Initial_Luck_7986@reddit
When you are editing there usually aren’t required fields they are taken care of when creating…
Initial_Luck_7986@reddit
Why would you load the resource first? Absolutely no reason to. You validate anything being changed and if it’s valid you can just apply the changes. This way you aren’t querying the database unless you need to.
not_marri99@reddit
Pre-check unique constraints and foreign-key existence so you can return clear 422 field errors instead of letting DB exceptions bubble up, and dont forget race conditions happen alot so use optimistic locking or retries
a3th3rus@reddit
I prefer let the DB raise unique constraint violation and explicitly handle that error so that I don't have to use optimistic or pessimistic locks.
Initial_Luck_7986@reddit
Validate before query there is no point to hit the database unless it will be valid this goes for everything…
Ok_Assistant_2155@reddit
For question 1, I usually validate the Request DTO first. If the payload is garbage it makes no sense to hit the database. Then check if the resourceId exists. Saves unnecessary DB calls when the input is already bad.

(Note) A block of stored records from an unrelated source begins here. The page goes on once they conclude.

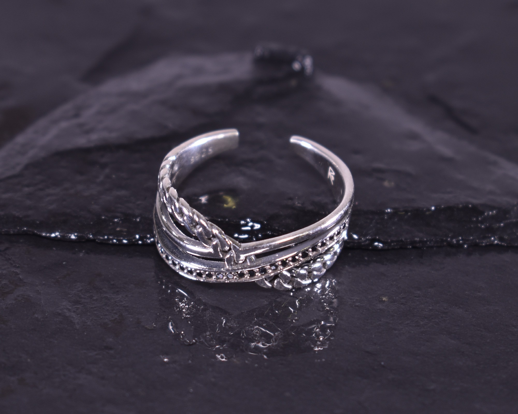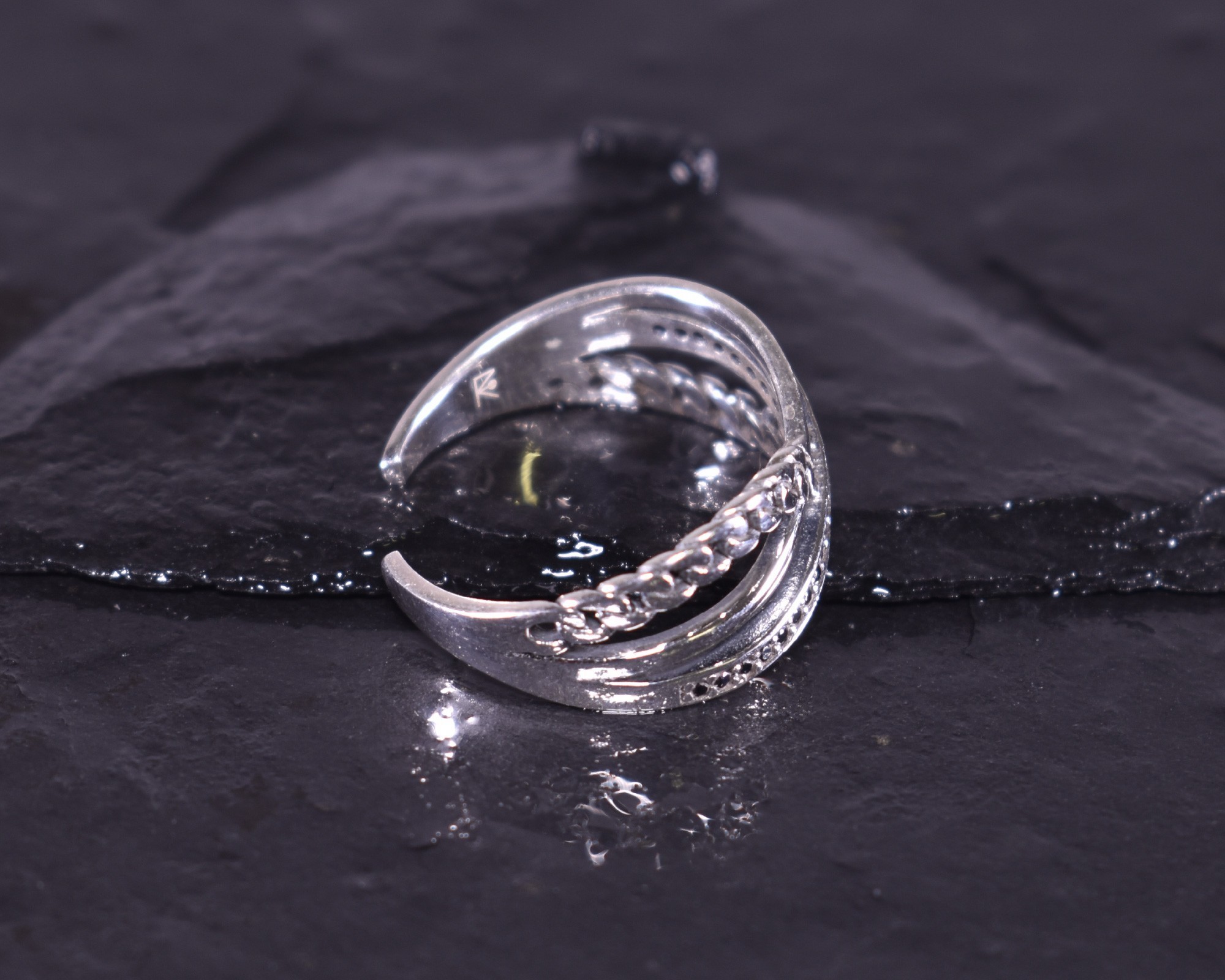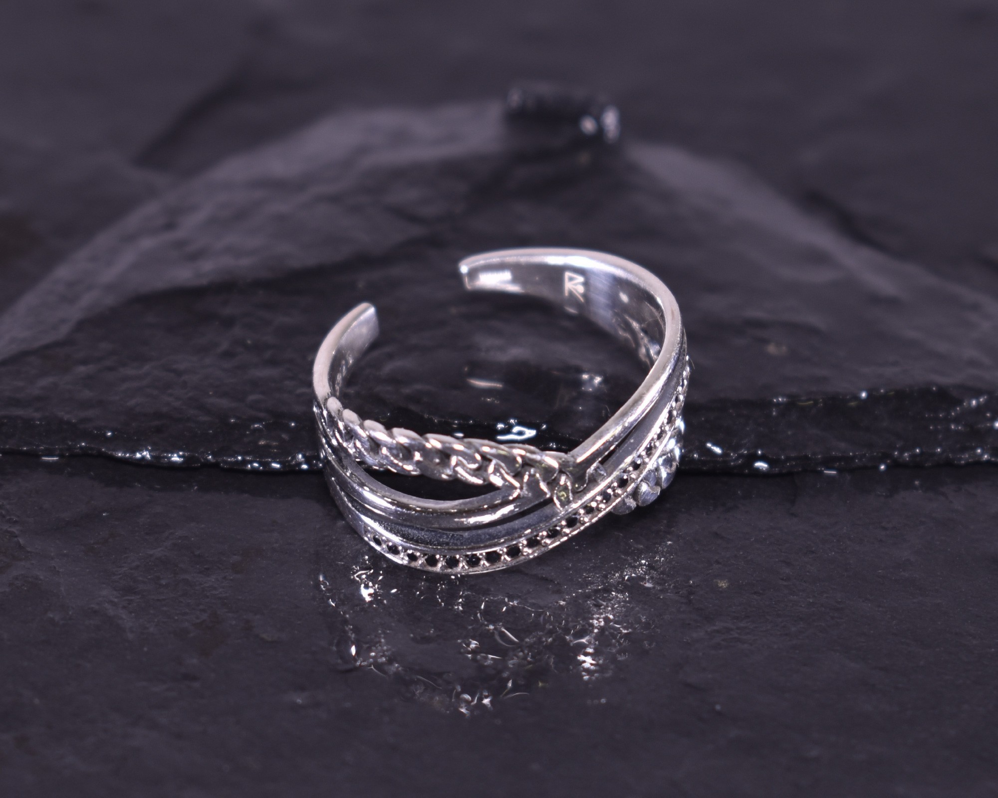 D rei verschieden geformte Ringe bilden diesen offenen Silberring. Der feinste, ein delikater glattpolierter Ring, darüber ein Kettenglied Ring und im Kontrast der dunkle, mit kleinen Silberdetails versetzte, Silberring. Diese Vielfalt macht das Accessoire zu einem gut kombinierbaren Schmuckstück.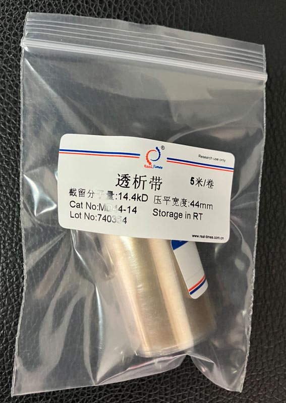 透析膜可用動物膜和玻璃紙等,但用的最多的還是用纖維素制成的透析膜,目前常用的是美國Union Carbide (聯(lián)合碳化物公司)和美國光譜醫(yī)學(xué)公司生產(chǎn)的各種尺寸的透析管,截留分子量MWCO(即留在透析袋內(nèi)的生物大分子的最小分子量)。截留分子量越大也就是說透過性越大。
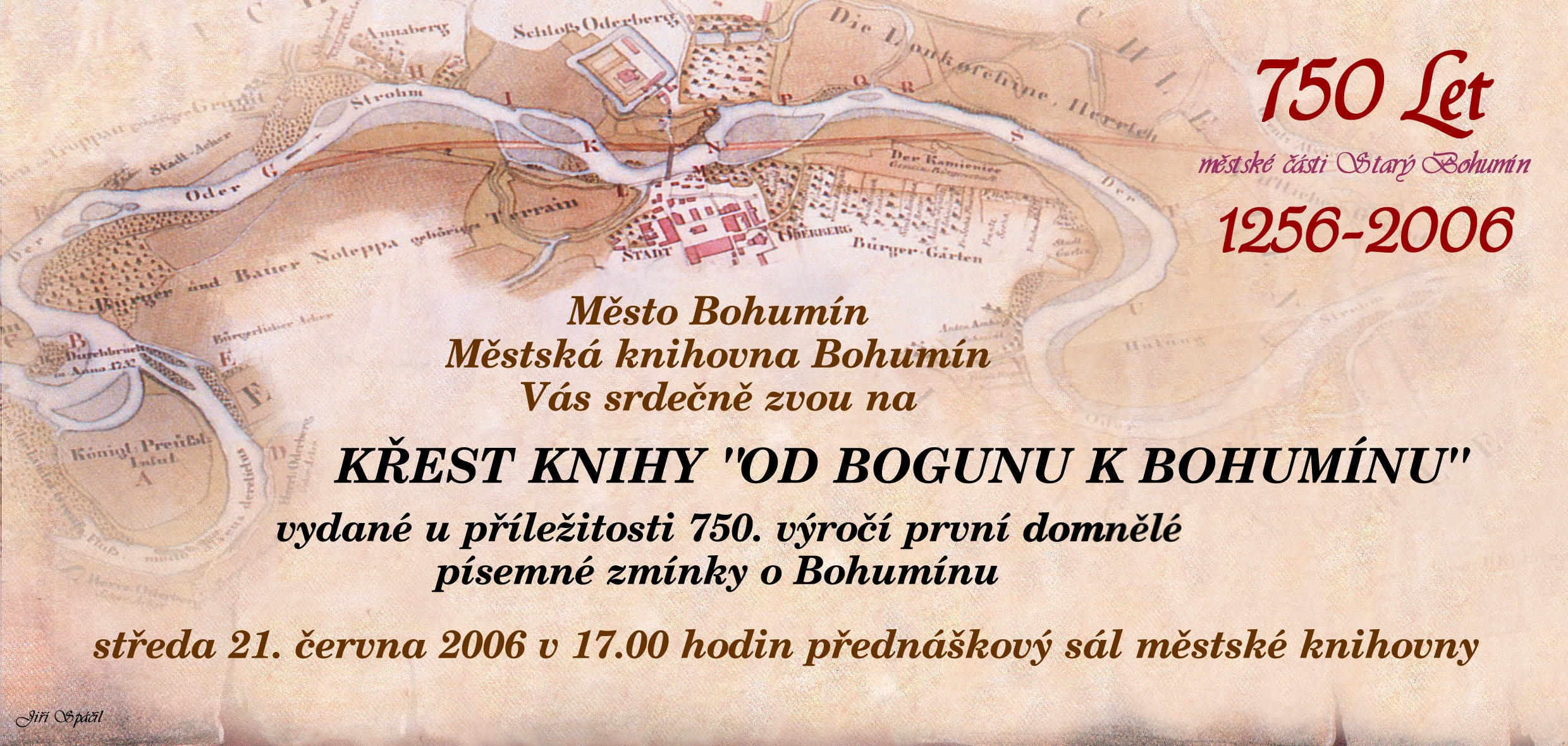 Srdečně zveme všechny zájemce na slavnostní křest knihy, kterou vydává město Bohumín u příležitosti 750. výročí první domnělé písemné zmínky o Bohumínu.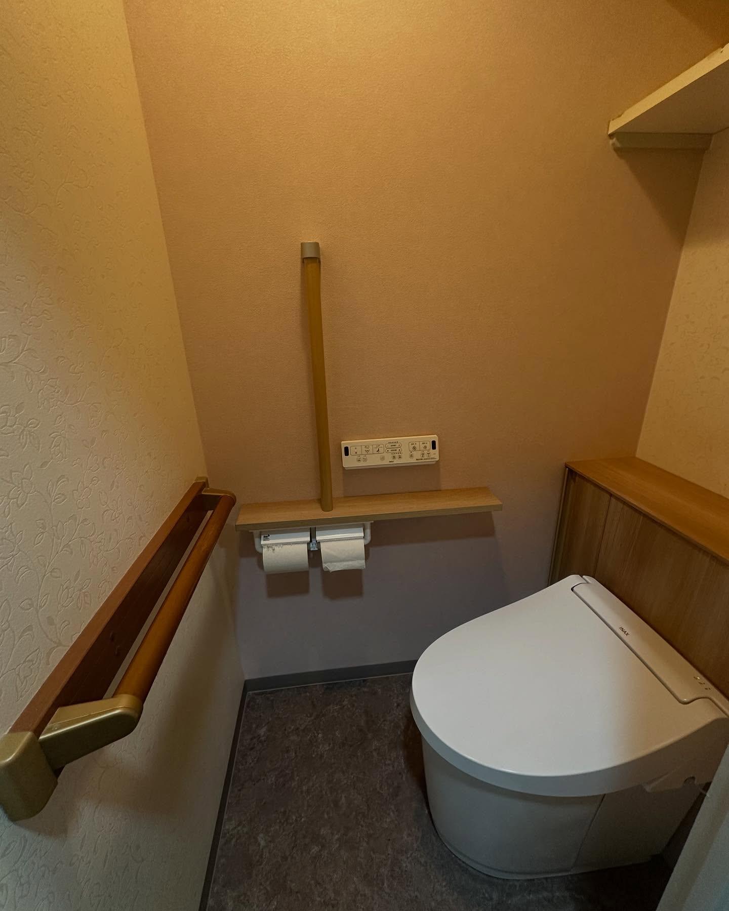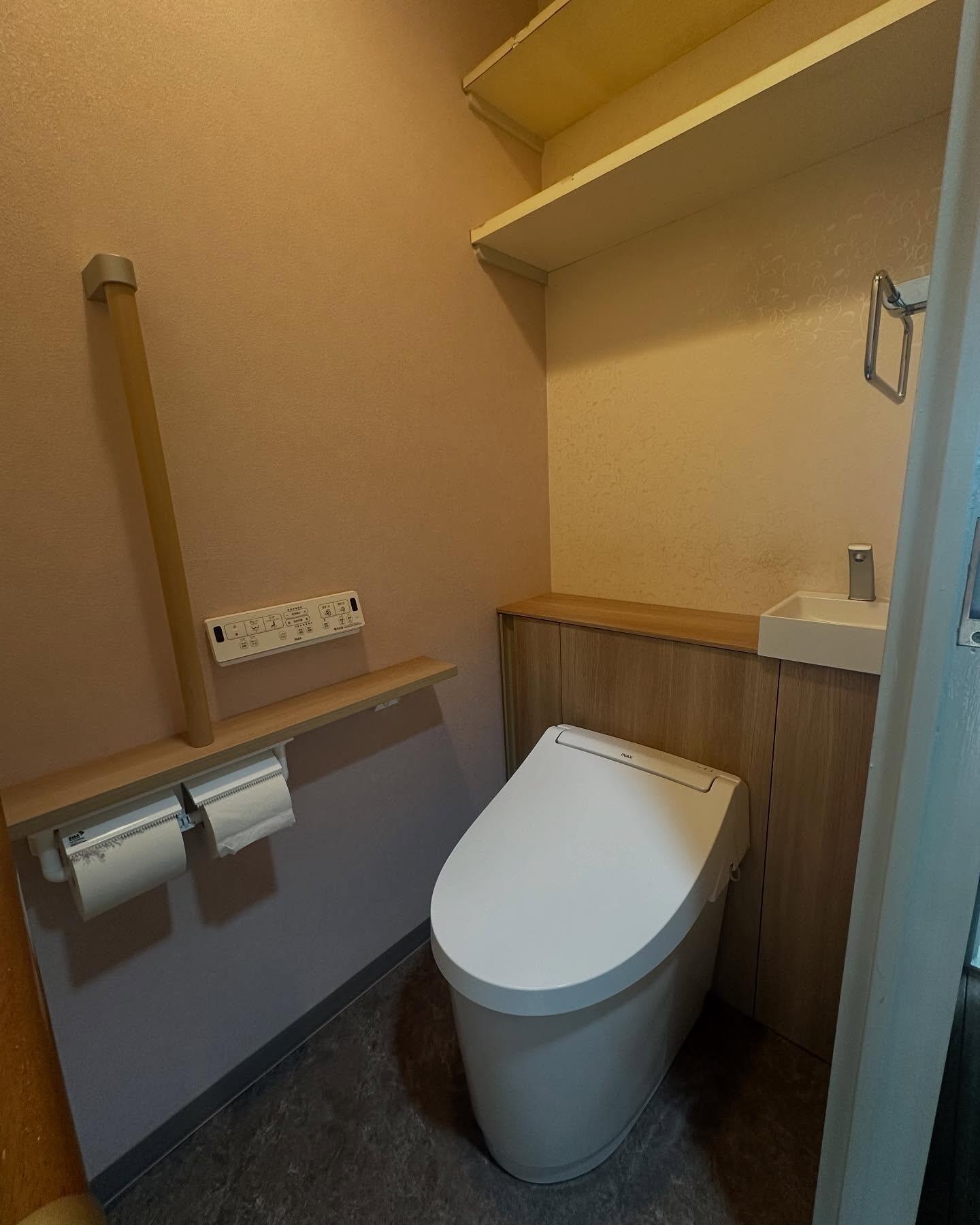 トイレ交換(LIXIL Jフィット) 掃除がし易い節水型トイレ キャビネットカラー:ライトオーク 紙巻器付き手すり 手すり下地設置 クロス1面貼り替え クッションフロア貼り替え(リリカラ) 1Dayリフォーム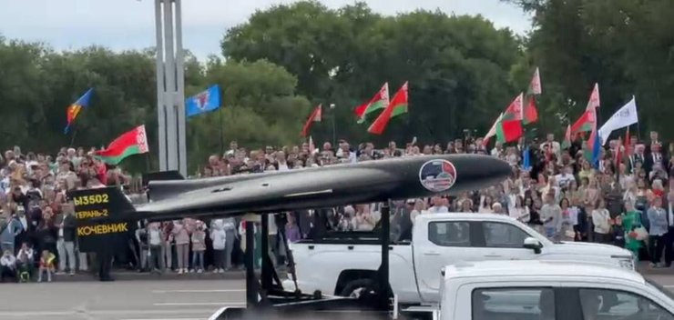 На военном параде в Минске, посвященному годовщине независимости Беларуси, заметили расчеты с ударными дронами "Герань-2" — аналогом иранских БПЛА Shahed. Видео было опубликовано на официальном сайте главы РБ Александра Лукашенко.
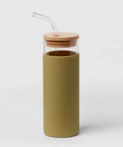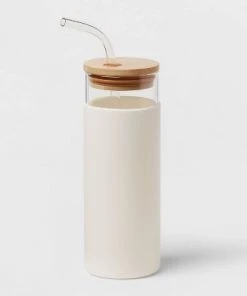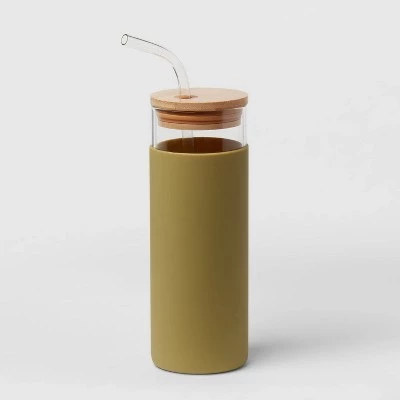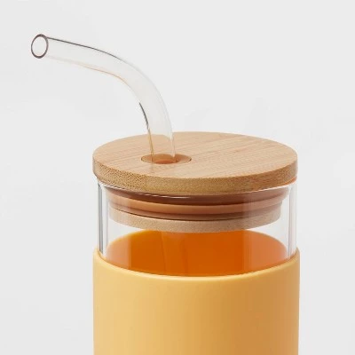 Whether you’re reading, writing or busy with other activities, you’ll stay hydrated when you keep this 16.9-Ounce Glass Tumbler with Straw and Silicone Sleeve from Threshold™ close by. This glass tumbler features a solid-color design with a transparent top and wood-tone lid for an elegant construction that suits your daily style. The included straw helps you drink conveniently while the silicone sleeve helps provide a secure fit. Use this lidded tumbler at home, at the office or anywhere on the go to sip your favorite cold beverages with ease.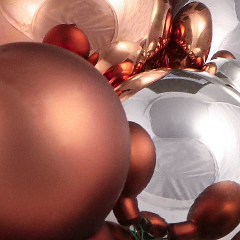 A kis karácsonyfa golyókat zöld drótra rögzítjük, ami nagyon egyszerűvé teszi a karácsonyfára, koszorúra vagy adventi koszorúra rögzítését. A nagyobb tükörbogyók szemet gyönyörködtetőként szolgálnak és harmonikus összképet biztosítanak.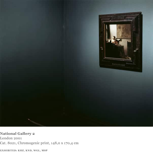 One final Museum Photograph also offers a contemplative presentation of a single painting, Vermeer’s Woman with a Lute, which was on temporary exhibition at the National Gallery in London. For the first and only time, Struth focuses solely on the painting and the empty space around it, rather than including any viewers within the frame of the picture.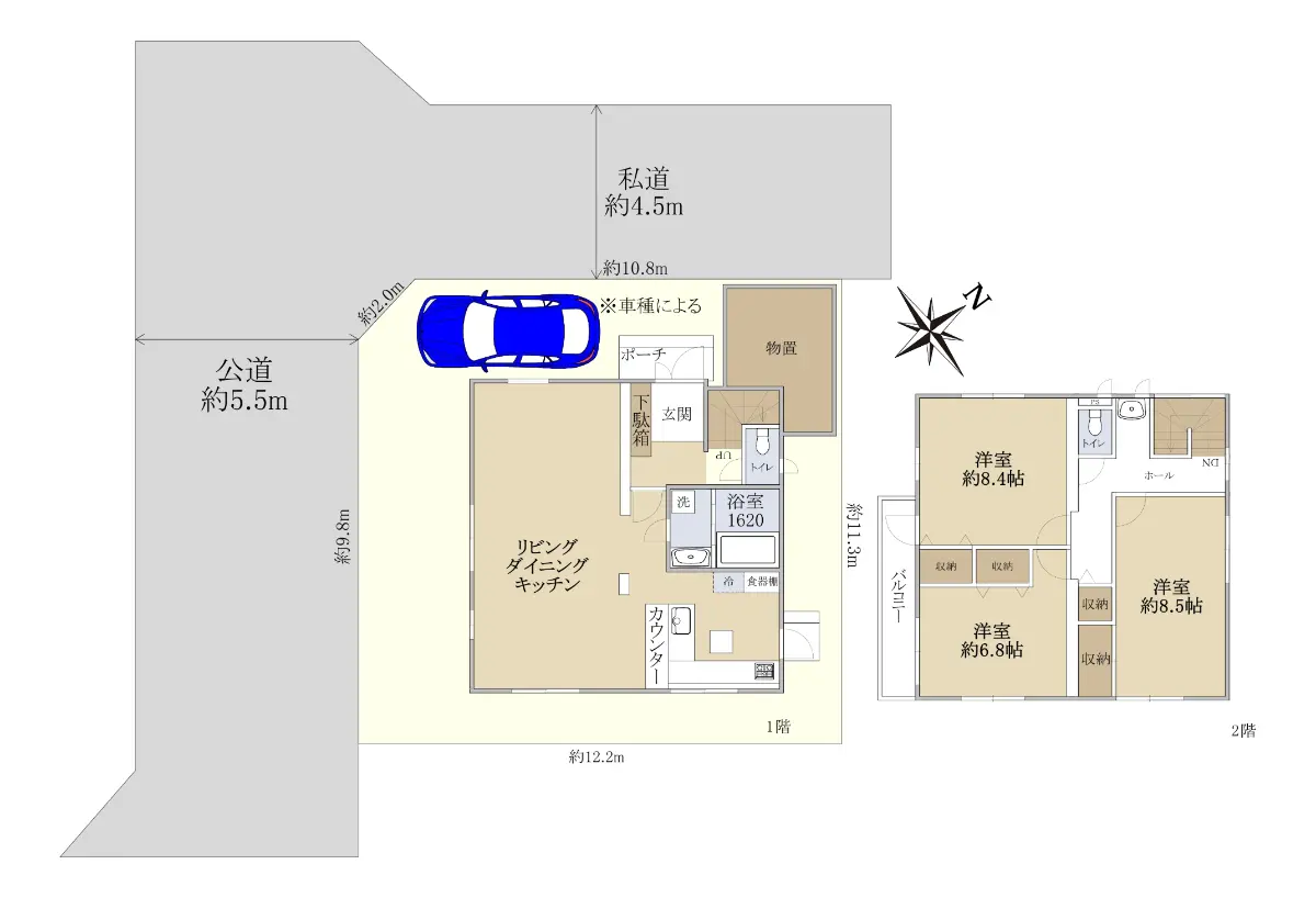 ・角地【南西側公道5.5m×北西側私道4.5m】○建物について
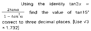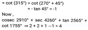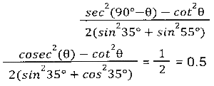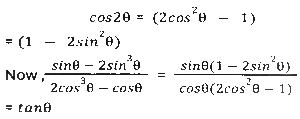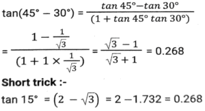 Trigonometry (Part-7)Total Questions: 5041. Simplify the following. [SSC CGL 19/07/2023 (1st Shift)](a) 0.5(b) 2(c) 1.5(d) 1Correct Answer: (a) 0.5Solution:42. cosec 2910º + sec 4260º + tan 2565º + cot 1755º =? [SSC CGL 20/07/2023 (1st Shift)](a) 3(b) 1(c) 4(d) 0Correct Answer: (c) 4Solution:43. The maximum value of (sin¹²θ + cos²⁰θ) fo all the real values of θ is: [SSC CGL 20/07/2023 (3rd Shift)](a) 2(b) 3(c) 1(d) 0Correct Answer: (c) 1Solution:44. What is the value of sin (-405º) ? [SSC CGL 20/07/2023 (3rd Shift)](a) √5/2(b) 1/2(c) -1/2(d) -1/√2Correct Answer: (d) -1/√2Solution:45. Simplify the following expression. [SSC CGL 21/07/2023 (3rd Shift)](a) tanθ(b) sinθ(c) secθ(d) cosθCorrect Answer: (a) tanθSolution:46. Simplify [SSC CGL 21/07/2023 (4th Shift)](a) 4 tan t. sin t(b) tan t. sec t(c) tan t - sin t(d) tan t + sin tCorrect Answer: (b) tan t. sec tSolution:47. PQR is a triangle right angled at Q and PQ : QR = 3 : 4 . What is the value of sinP + sinQ + sinR ? [SSC CGL 21/07/2023 (4th Shift)](a) 4/5(b) 3/5(c) 12/5(d) 2/5Correct Answer: (c) 12/5Solution:48. Simplify [SSC CGL 24/07/2023 (1st Shift)](a) 1/√13(b) 2/√13(c) 0(d) 2/3Correct Answer: (c) 0Solution:49. Simplify [SSC CGL 24/07/2023 (1st Shift)](a) 0.268(b) 0.27(c) 0.267(d) 0.269Correct Answer: (a) 0.268Solution:50. Simplify [SSC CGL 24/07/2023 (2nd Shift)](a) 1(b) 0(c) cosθ(d) -sinθCorrect Answer: (c) cosθSolution:Submit Quiz« Previous12345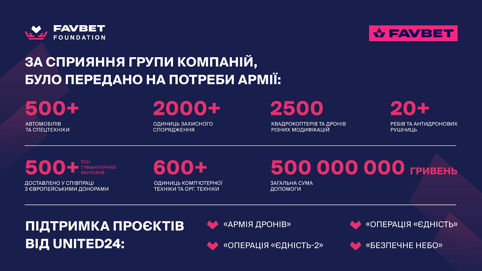 Окремо варто відзначити співпрацю з фандрайзинговою платформою UNITED24. За останні три роки фонд та компанія Favbet підтримали більшість її провідних проєктів: від закупівлі пікапів для ініціативи «Армія дронів» до придбання безпілотників у межах двох етапів операції «Єдність».

Loud_Wrangler1255@reddit (OP)
Thanks a lot! Does it also make sense to send all errors (about DTO + about DB) in one response? E.g.
errors: [{field: "name", error: "Name already exists"}, {field: "age", error: "Must be more or equal to 0"}]
Impressive-Sir5234@reddit
1) Validate DTO first, then check if resource exists.
If the payload is invalid, no point hitting DB. Keeps concerns clean.
2) Split validation:
- DTO (format, nulls) → 400
- Business (unique, FK exists) → 400 or 409 (for conflicts)
Yes, unique/FK checks should be part of validation (usually in service layer). DB constraints = safety net, not primary validation.
Loud_Wrangler1255@reddit (OP)
Finally, some good answer. Thanks a lot! What about sending all errors at once in one response? E.g. DTO fields + fk exists. Example error list:
errors: [{field: "name", error: "Name already exists"}, {field: "age", error: "Must be more or equal to 0"}]
Successful-Escape-74@reddit
Just let AI take care of that for you and go to the beach.
Viviiii1@reddit
😭😭😭
Successful-Escape-74@reddit
So much for AI robots doing all the work?